Monday, June 30, 2014

Today. I Want To Die...

I haven't actually seriously wanted to kill myself in a long time.

Right now would be perfect: my roommate is gone, everyone is in bed/at home because of curfew...I'm totally alone.

I could just cut my wrists. Take even more of the meds I shouldn't take (I've already taken 5x the amount I should.) I could hang myself. Stab myself. Drink some bleach. Run in front of a car. I want to do it all.

I'm sick of struggling. I'm sick of being alone and having to deal with this by myself. I'm sick of hurting.

I just want it all to end. What do I have to do for that to happen?

At this point...I'll do anything.

Wednesday, June 18, 2014

What's Self-Esteem?

I don't have any self esteem. I knew I had low self-esteem but I find myself looking at my actions and realizing...I don't think highly of myself at all.
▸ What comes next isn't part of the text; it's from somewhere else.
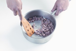 2.锅中放油烧至六成热,放入姜、蒜末爆香,放入牛里脊肉丁炒至变色后盛出。

My Condo in the Friend Zone

Well, it's definitely been awhile since I've written. I really need to be better about this. I'm going to work on it!!

This past week has been really hard. The past couple of weeks actually. School is tough and I haven't been feeling well but on top of that there is this whole dating thing that I fail at. I know that I shouldn't worry about it and I'll find someone when I find them but it still sucks to never get asked out...ever. Especially here at school where everyone is getting married left and right and I have friends who have multiple dates a day, multiple days a week.

So I started liking these two guys and I couldn't decide which one I like more. They are both so charming and handsome and so much fun to be around. I seriously couldn't decide.

Well one of them decides to go and get himself a girlfriend. Well that made the choice easier. Or so I thought...

I talked to the other kid and told him I liked him and well...the title of this post can give you some insight into how that went.

It isn't a big deal. I mean you like who you like and you don't like who you don't like. I can't change anyone's mind. He knows how I feel and we're still friends so life is good. The best part about the whole thing is after I told him I said "I guess I'll just keep enjoying my condo in the friend zone." He replies with "Well at least you have a good view!" Haha so funny and so true. How can you be upset after a comment like that?

Well obviously things aren't going anywhere with that kid but that's alright because honestly...I think I like the other kid more. I know he has a girlfriend and that is a line I will NEVER cross but what if he didn't...

So many times I find myself wanting him to break up with her so that he can date me. It doesn't make anything better that a lot of people tell me that they think he likes me. But it's so confusing because he has this girl in his life and he really cares about her so how can he like me at the same time?

I tell myself that I don't really like him but every time I see him I just smile like an idiot...I can't help it!! *sigh* why couldn't I have gotten to know him at the beginning of the semester instead of a month into it!? Things could be so much different! He's even hinted at that... My life<<<<

It sucks even more that neither of them is going to be here next semester. :[

Just my luck. Whatever though. I have my condo and I have an EXCELLENT view. So I can't be that upset, right?